To investigate if a reduction in IAA methyltransferase activity has an impact in the formation of auxin redistribution, we first examined the dynamics of apical hook development and the hypocotyl response to a gravitropic reorientation, two processes that involve auxin-dependent differential growth (4, 6, 25). The iamt1 mutants did not display any severe defect in the formation or maintenance of the apical hook, showing only slightly faster opening of the hook (Fig. 1C and SI Appendix, Fig. S2B). In contrast, the ability of the mutant hypocotyls to reorient after gravistimulation was largely impaired (Fig. 1D and SI Appendix, Fig. S2C). Importantly, this different behavior of iamt1 with respect to the two processes was correlated with the ability of the mutant to redistribute auxin across the hypocotyl in each situation. The asymmetry in the activity of the auxin signaling reporter DR5::GFP across the apical hook was similar in 3-d-old etiolated wild-type (WT) and iamt1-1 mutant seedlings, despite the higher reporter signal in the mutant (SI Appendix, Fig. S3), suggesting no apparent defect in differential auxin distribution during hook formation in etiolated iamt1-1 seedlings. Nonetheless, the seemingly high auxin signaling in the mutant apical hook might be the cause of its premature opening (Fig. 1C).
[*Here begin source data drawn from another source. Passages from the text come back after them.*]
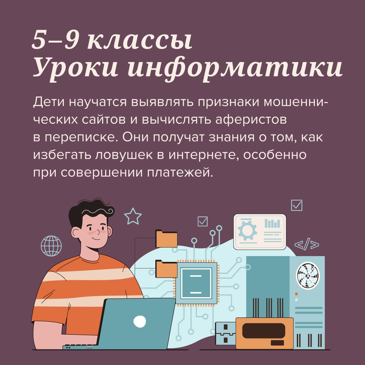 Многие продвинутые молодые люди начинают зарабатывать, проводят онлайн покупки через Интернет. Зачастую через школьников мошенники пытаются добраться не только до денег, но и до документов взрослых. Чтобы втереться в доверие ребенка, в ход идут разные мошеннические схемы. Без подготовки ребенок не распознает обман, ведь он пока не понимает рисков и доверяет всем подряд. На уроках по финансовой грамотности школьникам расскажут, с какими способами мошенничества они могут столкнуться, в том числе в Интернете, и как действовать в таких ситуациях.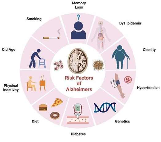 Several acquired or lifestyle-related factors can raise the likelihood of developing Alzheimer’s disease. The most frequently reported among these are cerebrovascular disorders, along with diabetes, high blood pressure, obesity, and abnormal lipid levels.(28)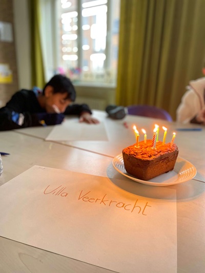 De viering was een hartverwarmend samenzijn van jongeren die vorig schooljaar deelnamen aan Villa Veerkracht en de jongeren die dit jaar hun plek binnen het project hebben gevonden. Samen maakten ze vriendschapsbandjes, bereidden ze heerlijke hapjes en bliezen ze de kaarsjes op de feestcake uit onder een warm applaus.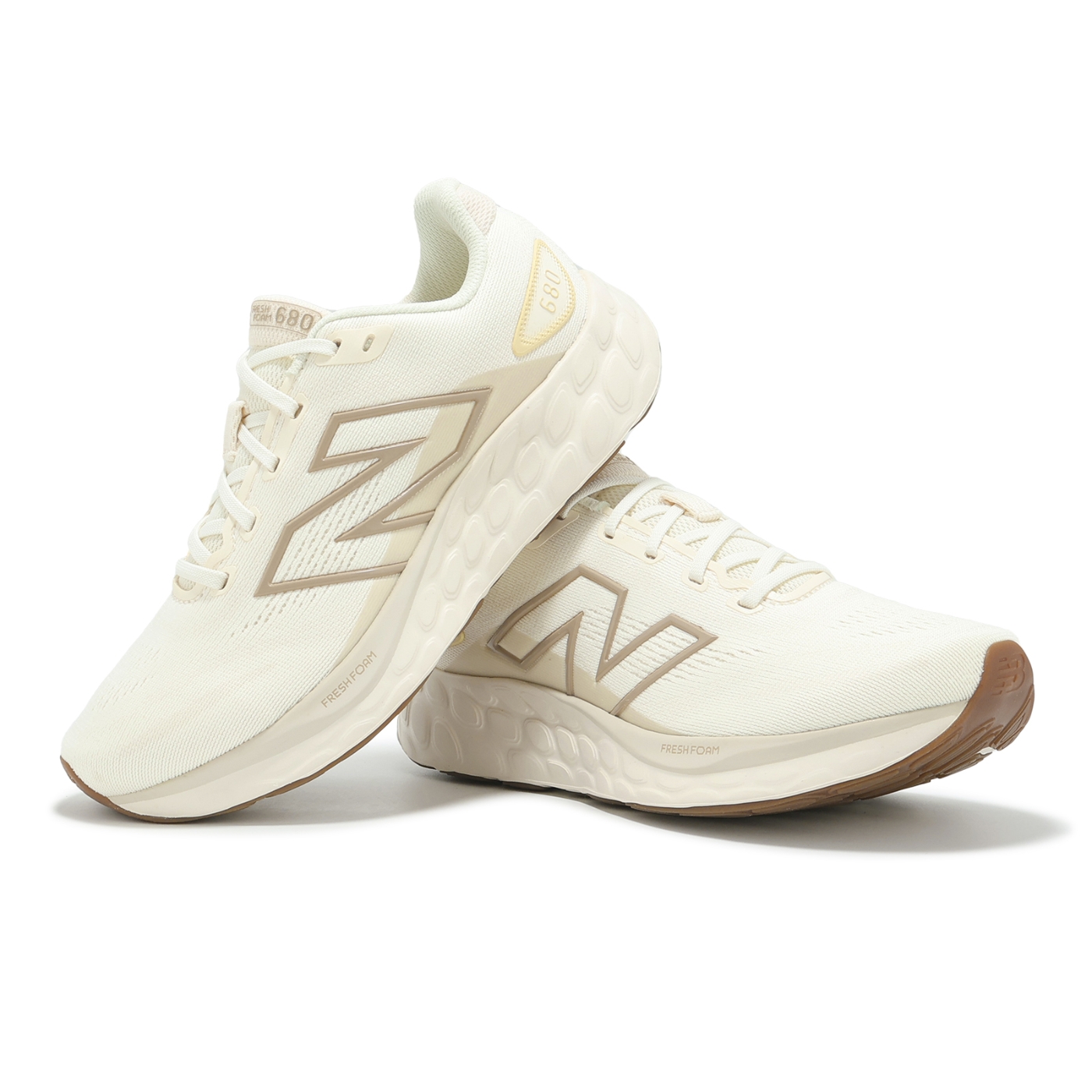 這雙 Fresh Foam 680 V8 主打的是米色、沙色調,鞋底中底採用 New Balance 的 Fresh Foam 緩震科技,穿起來腳感柔軟舒適,非常適合日常長時間行走或站立需求。鞋面以多層次網布與支撐片設計結合,整體輕量。搭配米色鞋款搭淺灰色長褲或淺卡其褲,下半身選柔和色調;上半身搭白色或奶油色衣物,用深棕外套或酒紅披肩作為點綴。這樣可以讓整體造型偏暖色系但不膩。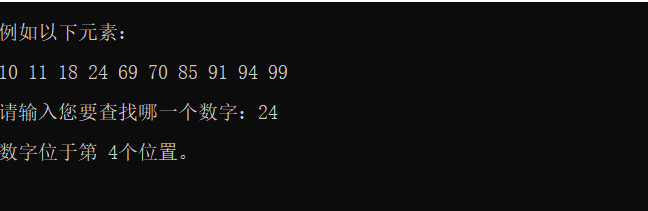 cout<<"n数字位于第 "<<i+1<<"个位置。n";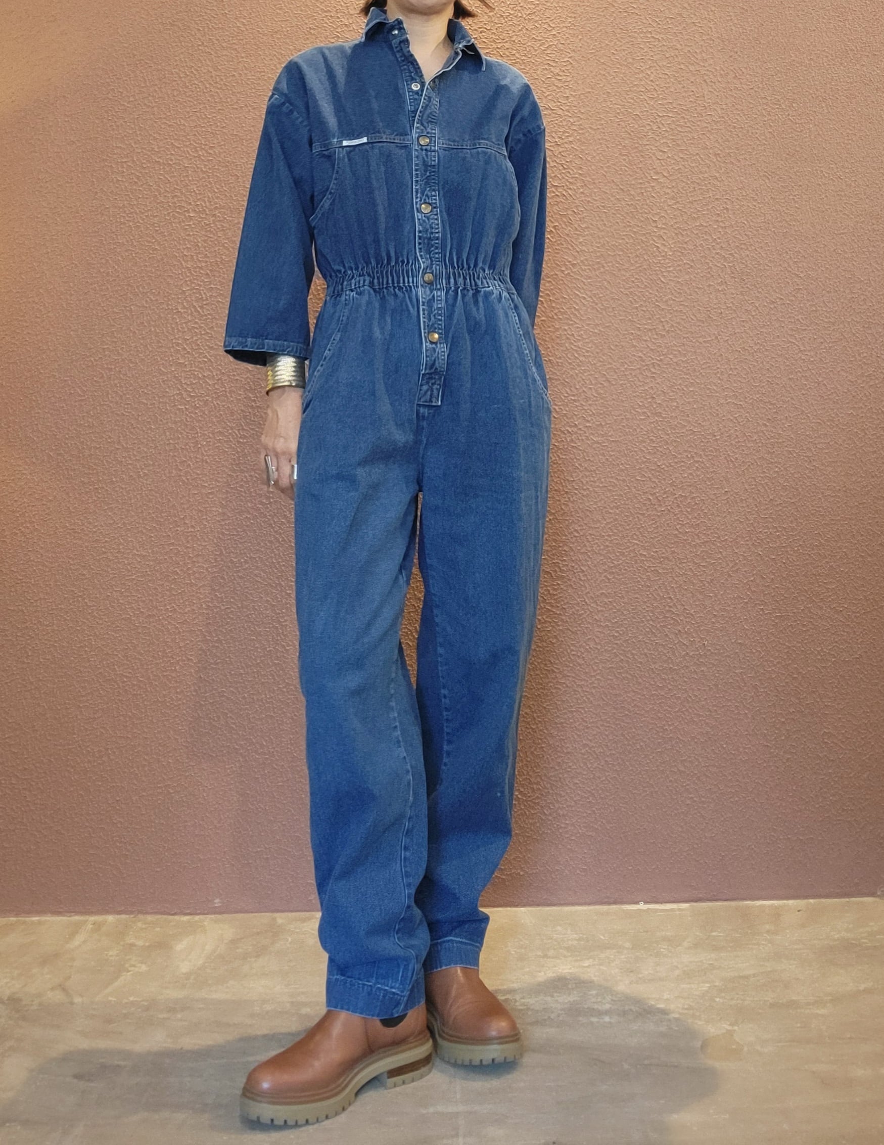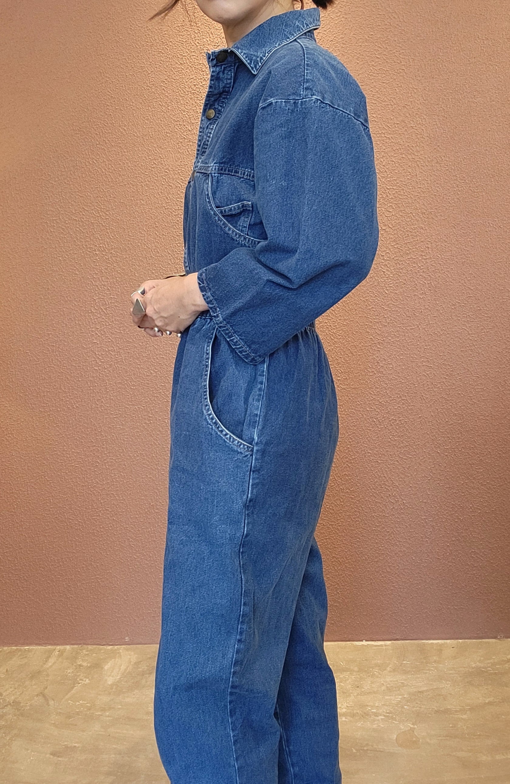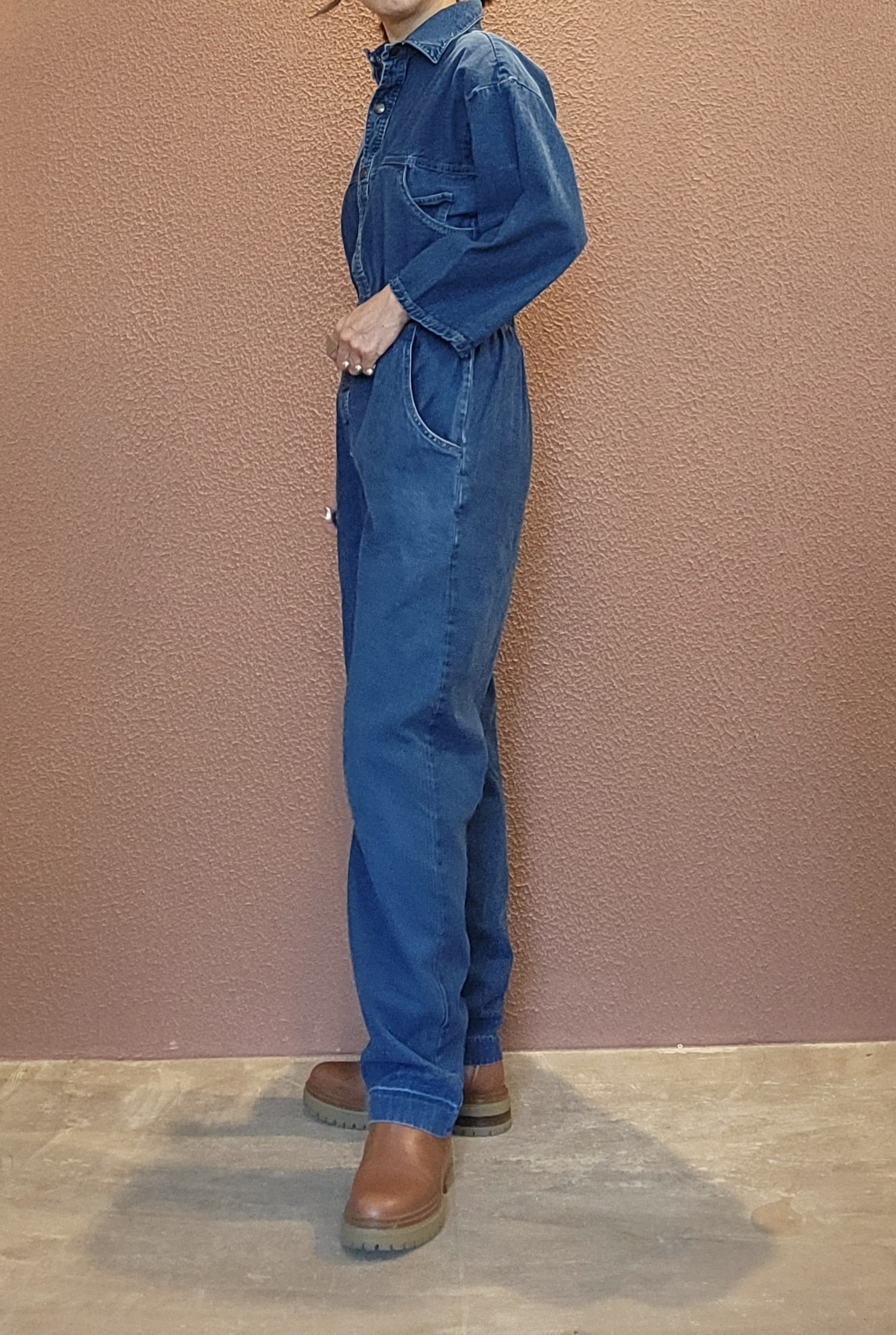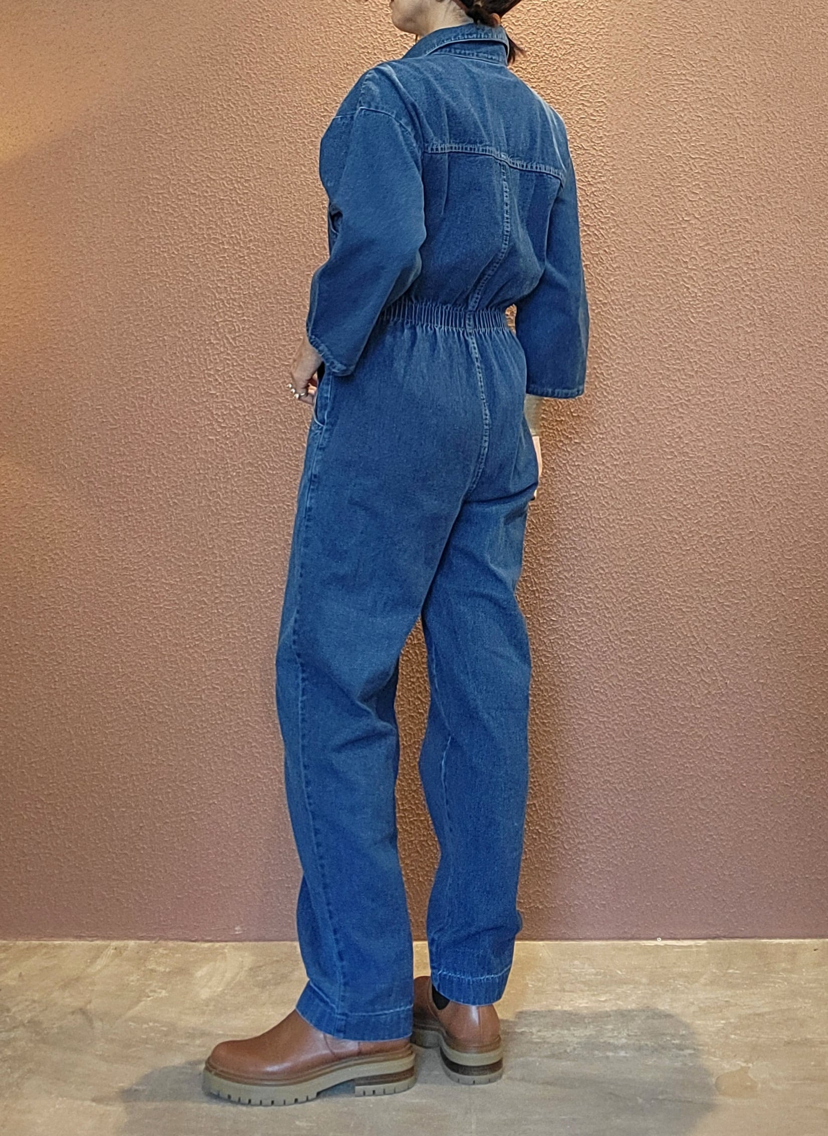 落とした肩のライン、ハイウエスト、ゆったりとした腰周り〜わたりのサイズ、そしてテーパードシルエット。ハイウエスト位置でのゴム仕様は着用時に安定感があり快適な着心地です。カジュアルはもちろん、ヒールを合わせてきれいめなスタイリングも仕上がります。

On the other hand, gravistimulation of iamt1-1 mutant hypocotyls did not provoke the typical accumulation of the DR5 reporter observed on the lower side of WT hypocotyls (6); instead, a similarly high signal was observed on both sides of the mutant hypocotyl before and after the stimulus (Fig. 2 A and B). This defect in the asymmetric auxin response is very likely caused by the inability of the iamt1-1 mutant to differentially accumulate auxin, as indicated by the loss of signal of a more direct auxin reporter, DII-Venus, on both sides of the hypocotyl (Fig. 2 C and D).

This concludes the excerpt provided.